Nice setup, nice kill.


----------



## mattwalt (Jan 5, 2017)

I was just looking at the UK law as to shooting these. We have a few 'ere as well - as well as Wood Pigeons. Where in the UK you based?

The Law's confusing - the one site says pests are find to shoot with out a licence - another says its illegal to shoot any birds with out a general licence and evidence of why the animals in question are a problem - then another site says you don't need a general licence just follow the general licence guidelines...


----------



## Greyman (Mar 9, 2016)

mattwalt said:


> I was just looking at the UK law as to shooting these. We have a few 'ere as well - as well as Wood Pigeons. Where in the UK you based?
> 
> The Law's confusing - the one site says pests are find to shoot with out a licence - another says its illegal to shoot any birds with out a general licence and evidence of why the animals in question are a problem - then another site says you don't need a general licence just follow the general licence guidelines...


 to be fair mate the law in our country still considers catapults a toy, I,ve probably had a catty in my pocket for over forty years have shot lots of things usually to eat but the odd nuisance species and have never really had to explain myself to anyone,or worried about breaching laws, a catty in England is generally for kids and poachers, my advise would be, be safe be sensible and most important be discreet, I,m not a million miles away from you on the outskirts of Bristol so same rules apply, if your really worried about it I think gamekeeper John Webb has an extensive vid on YouTube regarding catapults and the law in plane English


----------



## mattwalt (Jan 5, 2017)

Yeah - I've been through GKJ's stuff and on at least 2 of the sites I've been through support this. However the gov.uk site outlines the general licence to which vermin fall into.
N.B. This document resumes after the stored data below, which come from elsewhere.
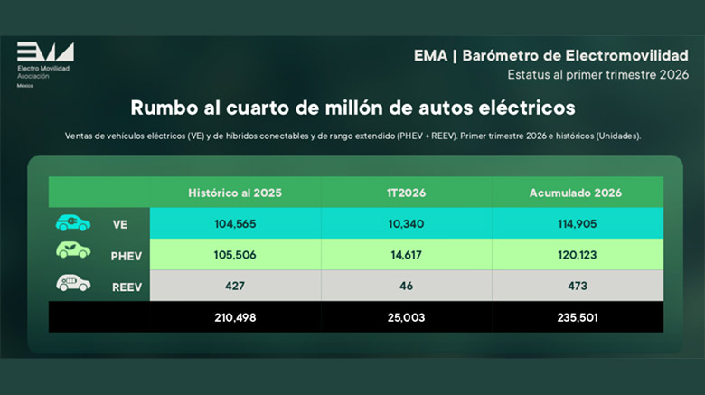 En el primer trimestre del año, las marcas afiliadas a EMA -que ofrecen en el mercado mexicano más de 110 modelos de vehículos eléctricos (VE) y 60 modelos de híbridos conectables y de rango extendido (PHEV + REEV)- alcanzan un acumulado histórico superior a las 235,000 unidades.
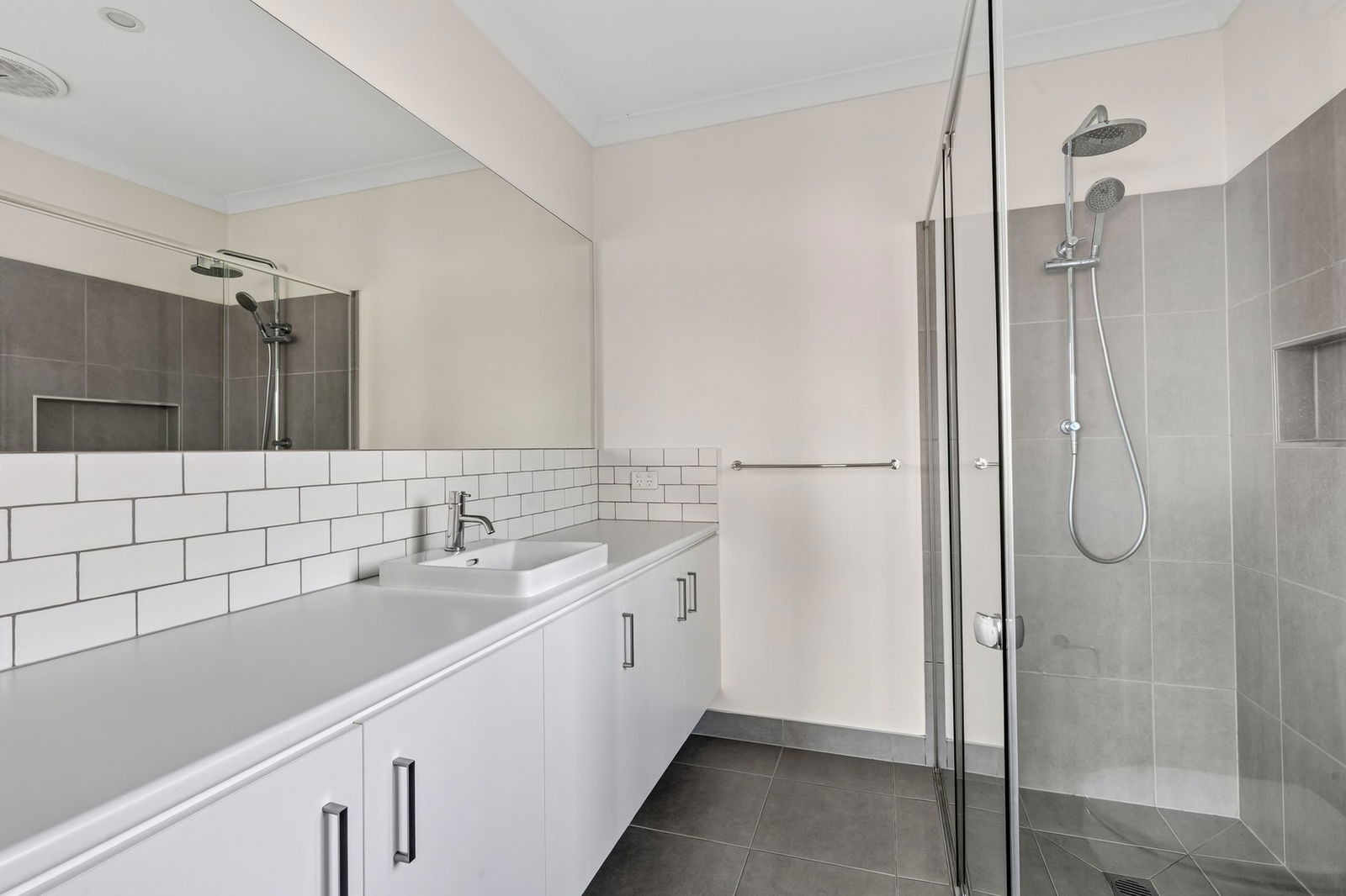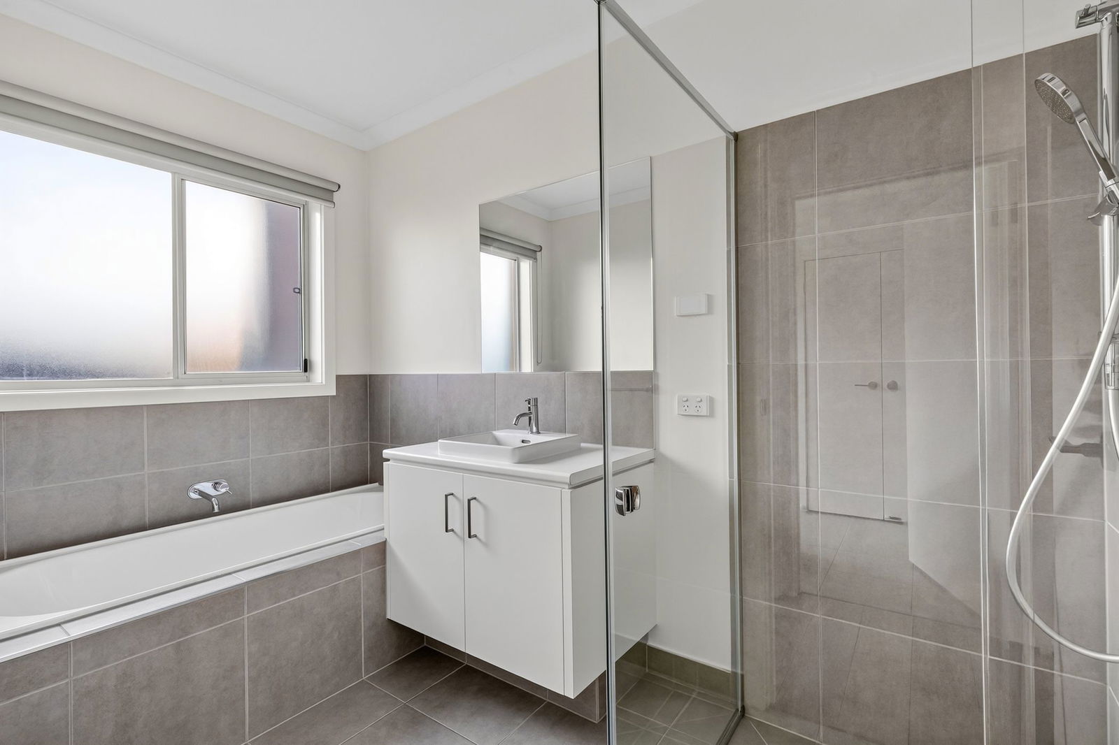 Main Bathroom: Shower with dual heads and tiled base, single vanity with underbench storage, built-in tub, window with roller blind, and separate toilet.
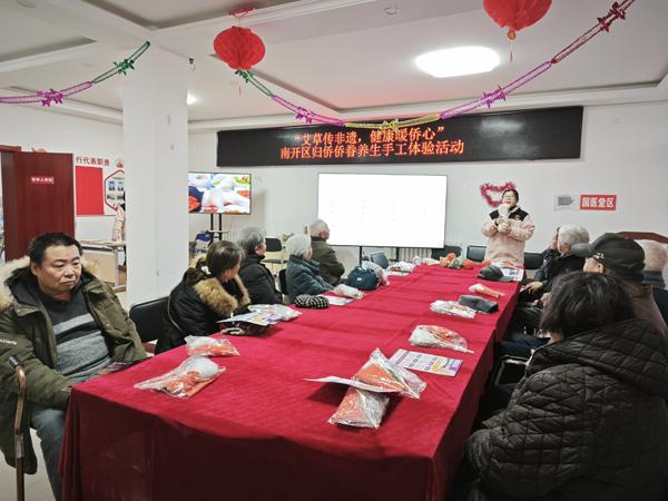 12月24日,南开区侨联携手学府街道办事处、天大四季村社区“侨胞之家”、南大西南一社区“侨胞之家”及龙兴里社区“侨胞之家”,共同举办“艾香传非遗,健康暖侨心”南开区归侨侨眷养生手工体验活动。近三十位社区侨胞相聚于天大四季村社区,亲手制作艾草养生锤与艾草护颈枕,在手工体验中领略非物质文化遗产的深厚底蕴,感受中华传统养生文化的独特魅力。
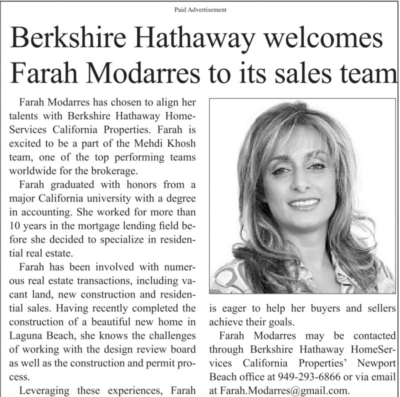Farah Modarres may be contacted through Berkshire Hathaway HomeServices California Properties’ Newport Beach office at 949-293-6866 or via email at Farah.Modarres@gmail.com.
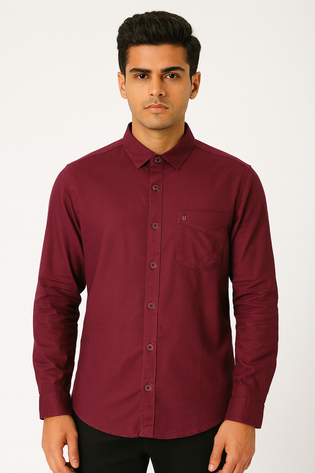 A bold maroon slim fit plain shirt, perfect for casual or semi-formal wear.

And states to kill any bird is a crime without the correct licence (General Licence in that case)

I'd go as far to say that if hunting it follows those laws but if its vermin control seems to follow another... Contradicts itself...

https://basc.org.uk/shooting/general-licences/ - States right away - don't require a GL - just follow its guidelines

https://www.gov.uk/pest-control-on-your-property - Seems to say its fine to sort out as long as you not being inhumane - and if you catch a squirrel you have to kill it...

https://www.gov.uk/government/publications/wild-birds-licence-to-take-or-kill-for-health-or-safety-purposes - Not required to have - as long as you follow...

THEN...

https://www.gov.uk/guidance/prevent-wild-birds-damaging-your-land-farm-or-business#general-licences

Where it starts off with All UK birds are protected by law and you have to have a licence... Then under GL - it outlines that you DO need one to shoot pest birds... Also that a GL needs to be applied for and supported with evidence as to the issues.

Obviously you can play the system and point out the irregularities - but - where do we really stand.

I'm also a huge proponent of following the UK law to the letter (where possible) - its awesome its seen as a toy which is one of the reasons its appealing to me - but its easily taken away from us with bad press... So I do follow the same principles you mention.


----------